N.S.A. Denies Its Cyberweapon Was Used in Baltimore Attack, Congressman Says

BALTIMORE — A Maryland congressman said on Friday that the National Security Agency had denied that one of its hacking tools, stolen in 2017, was used in a ransomware attack on Baltimore’s government that had disrupted city services for more than three weeks.

The statement, made by Representative C.A. Dutch Ruppersberger, came in response to an article in The New York Times last weekend. The Times was told by people directly involved in the investigation in Baltimore that the N.S.A. tool, EternalBlue, was found in the city’s network by all four contractors hired to study the attack and restore computer services.

Investigators are still trying to determine the exact chronology of the attack. The leading theory is that hackers broke in through an open server in Baltimore’s network, installed a back door and then used EternalBlue to move across the city’s computers searching for valuable servers to infect, said the people involved in the investigation.

This week, the contractors discovered an additional software tool, called a web shell, on Baltimore’s networks. They believe the web shell may have been used in conjunction with EternalBlue and another hacking technique known as “pass-the-hash,” which uses stolen credentials, to spread the ransomware.

The people involved in the investigation spoke to The Times on the condition of anonymity because they were not authorized to discuss it on the record.

N.S.A. officials are naturally sensitive to reports of continuing damage done by their hacking tools, stolen and released on the internet in 2017 by a still-unidentified group calling itself the Shadow Brokers. EternalBlue and other N.S.A. tools were used in attacks by North Korea and Russia later that year that caused billions of dollars in damage to corporations and governments around the world.

More recently, according to cybersecurity experts, EternalBlue has turned up in attacks on local governments in the United States, which often used aging equipment and fail to keep their software up to date. A patch issued by Microsoft in 2017, but apparently never installed in Baltimore, should have made Windows secure against EternalBlue.

An N.S.A. spokesman declined to comment on the congressman’s statement or the Times article, which was published online on Saturday. A spokesman for Baltimore’s mayor’s office also said he could not comment on the continuing investigation.

Mr. Ruppersberger, a Democrat whose district includes the N.S.A.’s Fort Meade campus south of Baltimore, said in his statement that he had been briefed by “senior leaders” of the N.S.A. They told him that “there is no evidence at this time that EternalBlue played a role in the ransomware attack affecting Baltimore City.”

He added: “I’m told it was not used to gain access nor to propagate further activity within the network.”
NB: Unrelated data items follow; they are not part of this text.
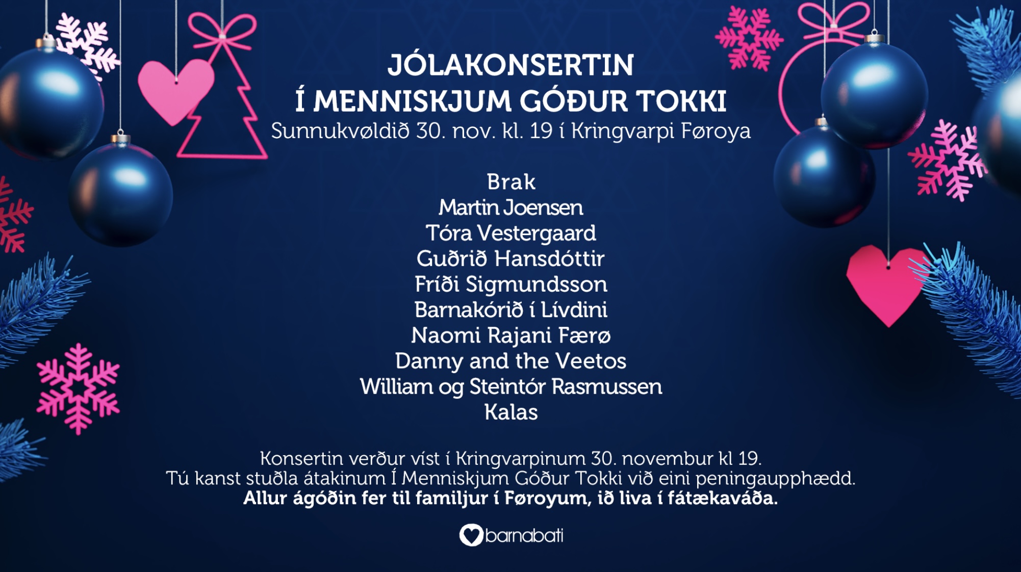 Jólini eru ein tíð við gleði og góðum minnum. Men veruleikin í Føroyum í dag er tann, at fleiri enn 1000 børn vaksa upp í fátækaváða sambært tølum hjá Hagstovuni. Fyri hesi kunnu jólini vera ein tung tíð merkt av stúran heldur enn ein gleðistíð. Fátækaváði merkir ikki bert trong fíggjarlig kor, men er eisini ein sosial avbjóðing, sum kann ávirka menning, sjálvsálit og trivnað hjá einum barni ella ungdómi.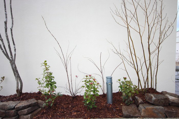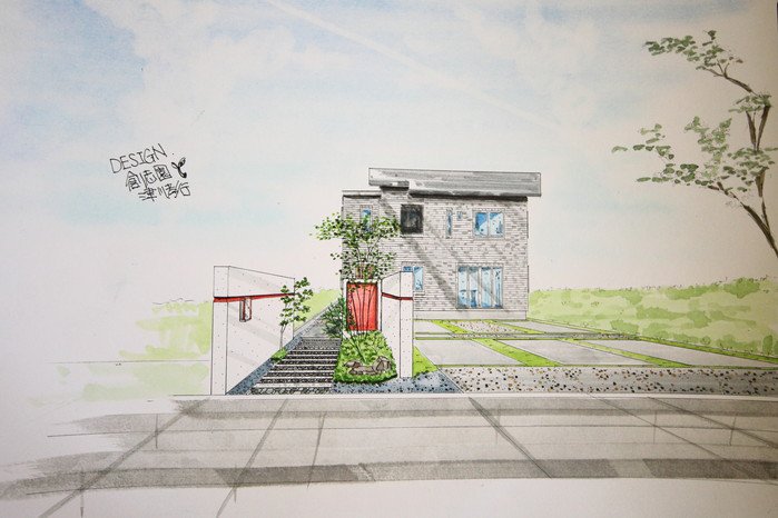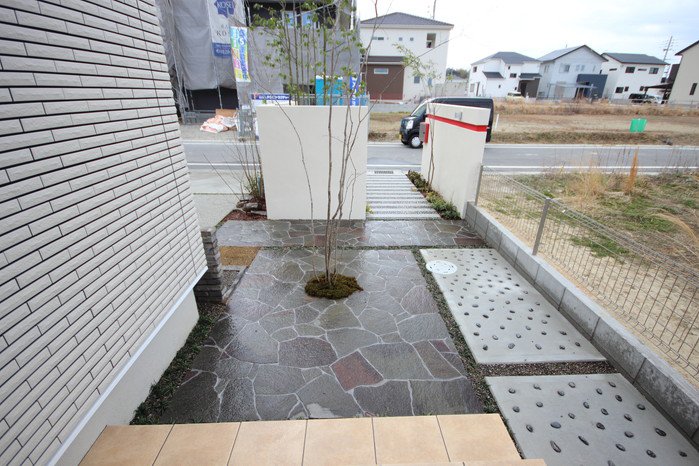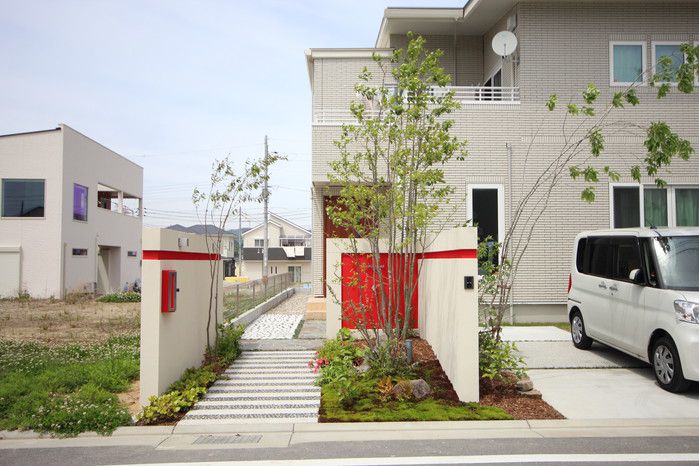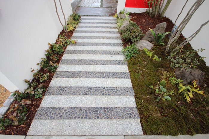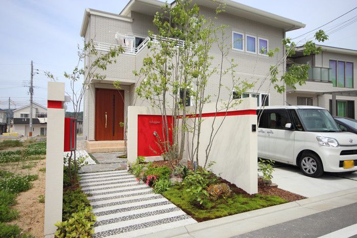 material&keyword:石のアプローチ,赤いポスト,アクセントカラー,雑木,苔,鉄平石,レンガの立水柱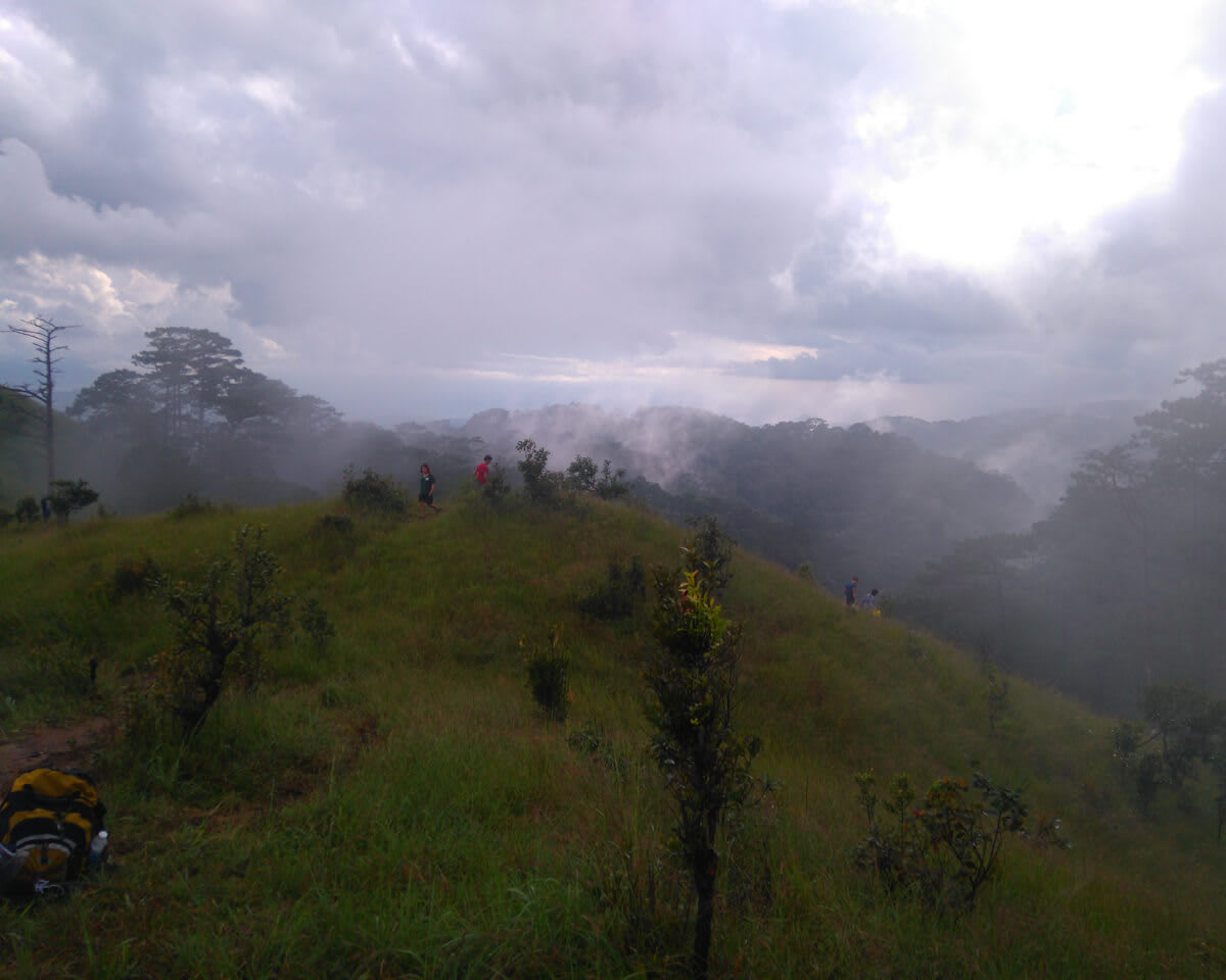 Đỉnh đồi nơi tụi mình cắm trại. Mọi người đang túa ra đi tìm củi.

The statement did not explain how N.S.A. learned the details of the forensic investigation in Baltimore, which is being carried out by the private contractors. The Federal Bureau of Investigation has also opened an inquiry but has not commented publicly on any findings.

The N.S.A. routinely hunts for security flaws in widely used software and uses them to penetrate foreign computer networks and gather intelligence. It used EternalBlue for such spying for at least five years before the Shadow Brokers stole the tool and posted it on the web to be grabbed and used by foreign states and criminal hackers.

“Our country needs cybertools to counter our enemies, including terrorists, but we also have to protect these tools from leaks,” Mr. Ruppersberger said. “We can’t ignore the damage that past breaches have done to American companies and, possibly, American cities. Now, our focus now should be on Baltimore’s recovery.”

Some former N.S.A. officials have suggested that Baltimore bears some responsibility for the attack, because it evidently had not installed updates to Windows that might have kept its system safe. But Mr. Ruppersberger said “the reality is that patching can be hard and requires resources that many municipalities don’t have.”

He said he thought the federal government “needs to do more to help municipalities better protect their networks.”